I'd like to know if some CUDA programmer has already tried to port jpeglib 6.0 (the most used lib for jpeg).
In other words, can one get very fast jpeg decompression on GPU ? I guess that the DCT part of decompression should fit quite well on CUDA architecture and Hoffmann counterpart shoul be the bottleneck. I’m I right ? Have you some clue about it ?
In my experience with porting codecs to CUDA (no, haven’t done jpeg) you should make a split between the things the CPU is good in, like serial manipulation of bitstreams, and the things the GPU can do very fast, such as parallel transforms of data.
I suggest starting with the part you can obviously speed up (in this case, the DCT transform) then slowly trying to more things to the GPU, regularly benchmarking to see if it is still worth the trouble.
I thought a long time ago there was some sort of JPEG acceleration built into graphics cards; if anyone finds a way to access it, please post it here!

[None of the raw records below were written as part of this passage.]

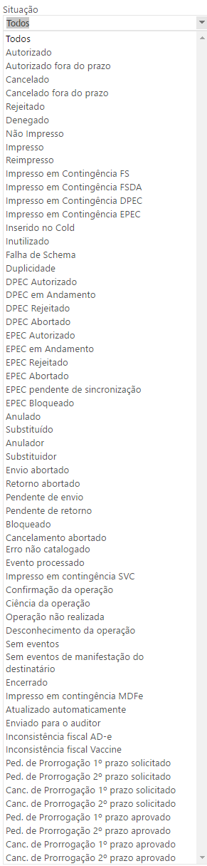 Todo documento entrará no sistema com a situação Pendente de envio, mesmo que já tenha sido processado anteriormente. Esta situação prevalecerá na visualização do e-Monitor somente quando o documento não possuir status de: Autorizado, Cancelado, Inutilizado ou Denegado. Caso o documento esteja com outros status, por exemplo, o status Rejeitado, esta situação prevalecerá.
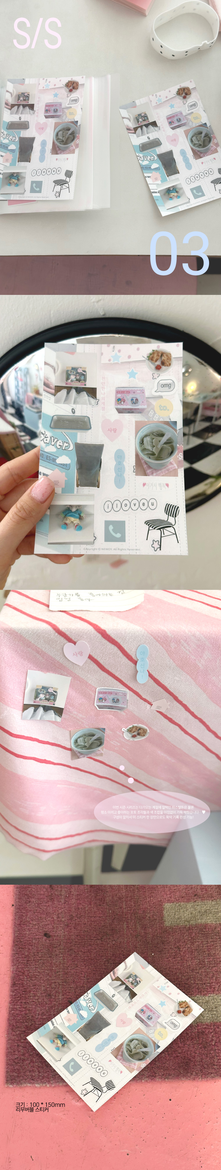 | S/S season 03 솔직히 말씀드리면 .. 시즌 스티커들 중 아니, 뉴디 스티커들 통틀어서 제일 마음에 드는 스티커가 탄생하였다....... 해도 과언이 아닐 정도로 마음에 드는 시즌 스티커 03이에요! 이번 시즌 시리즈는 다가오는 계절에 찰떡인 파스텔톤은 물론 평소 아끼고 좋아하는 포토 조각들과 색 조합을 아낌없이 가득 채웠거든요 구성이 알차서 이 스티커 한 장만으로도 뚝딱 기록 완성 가능! 제 사심이 듬뿍 담긴 시즌 03 ~! 리무버블이니 여기저기 붙여보세요 |
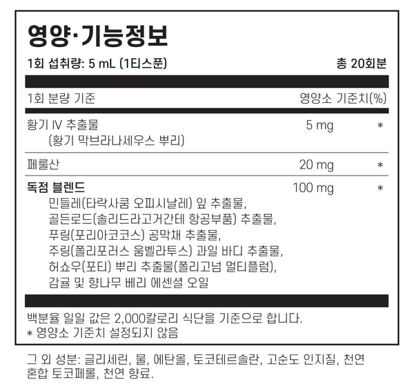 복용방법 : 하루에 1 티스푼(tsp)씩 복용, 삼키기 전 30초 이상 혀 밑에서 흡수될 수 있도록 입에 머금고 있다 삼키세요. 원하는 복용량만큼 반복하거나 의료 전문가의 지시에 따라 반복하십시오. 식사 최소 10분 전 공복에 섭취하는 것이 가장 좋습니다. 임신, 수유 중이거나 임신을 계획 중인 경우에는 사용 전 담당 의사와 상담하세요.
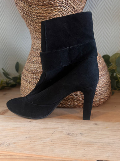 Stijlvolle zwarte halfhoge laarzen van Unisa.Gemaakt van soepel Suede met een elegante schachtlengte tot halverwege de kuit. De bovenzijde is gebreid en kan omgeslagen of omhoog gedragen worden.Comfortabele pasvorm met stevige zool — ideaal voor dagelijks gebruik of een avond uit.Combineer ze moeiteloos met een jurk, jeans of lange rok.
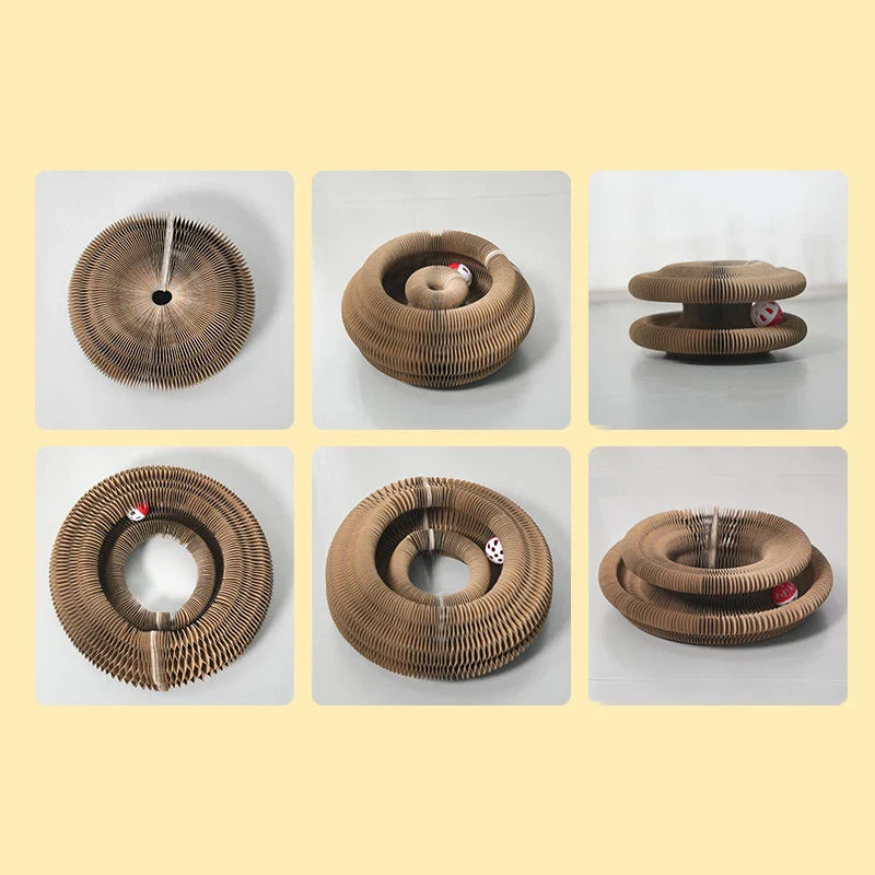 Dankzij het gegolvde honingraatontwerp is het krabspeelgoed extra stevig en duurzaam, ideaal voor dagelijks gebruik. De structuur is gemaakt van dik, hoogwaardig golfkarton dat zacht is voor de klauwen, terwijl het tegelijkertijd voorkomt dat je kat aan meubels gaat krabben. De ingebouwde bal rolt rond in een speciaal kanaal en daagt je kat uit om te jagen en te spelen – een perfecte stimulans voor natuurlijke jachtinstincten.
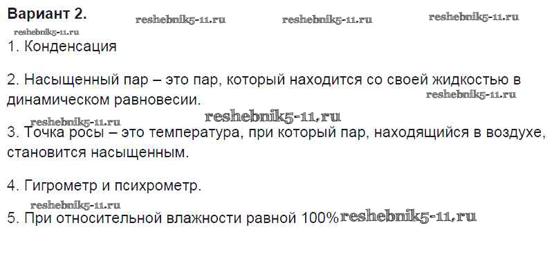 Готовая домашняя работа с ответами по Физике за 8 класс Громцева Контрольные и самостоятельные работы УМК Экзамен 2017 ФГОС - СР №16. Влажность воздуха вариант-2
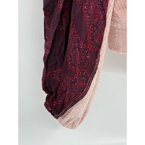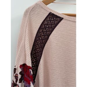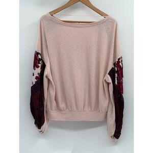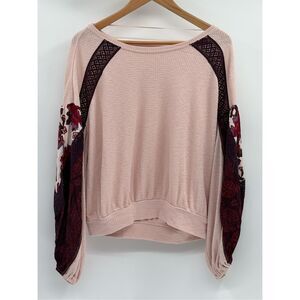 Free People Boho Knit Top Long Balloon Sleeve Women Medium Pink Floral
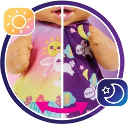 Basta girare il vestito: variante colorata per il giorno e versione più scura per la notte con motivo di coniglietti che dormono. Perfetto per giocare scenari di routine quotidiane e della buonanotte.
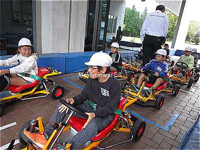 ホンダコレクションホールでは、クイズの答えを見つけながら自動車やバイクの展示を見たり、電動カートのタイヤ交換体験をして走行の違いを学習したりしました。
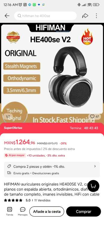 AliExpress Hifiman HE400SE V2 (en super ofertas)
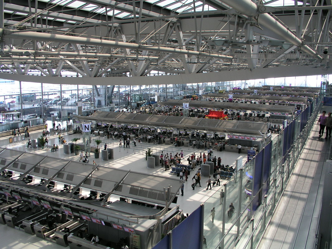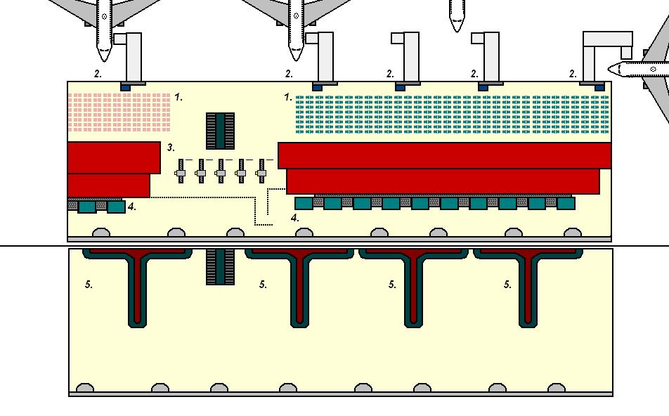 - 다층 (수직 분리): 매우 높은 승객 통행량에 사용된다. 이 방식에서는 출발 승객과 도착 승객이 전혀 섞이지 않는다. 분리가 수평일 수도 있지만, 일반적인 배치는 출발 순환을 상층에 배치하고 도착 승객 흐름은 하층에서 발생하도록 한다(경로 끝에서 출발 승객은 비행기로 안내된다).

Thanks!
You can try using nvCUVID lib, it is meant to decode video streams but if you throw a singe JPEG frame ( starting at 0xFFD8 ) it will decode it and callback you with the resulting YUV_NV12 image.
I don’t know about the lossless JPEG, but there is a talk about some JPEG at GTC 2012: “Fast JPEG Coding on the GPU” - http://tinyurl.com/87hr9hh
wumpus, do you still work on reverse engineering CUDA binaries? Did you look into Kepler? I can’t get through the encoding of the dependency information :(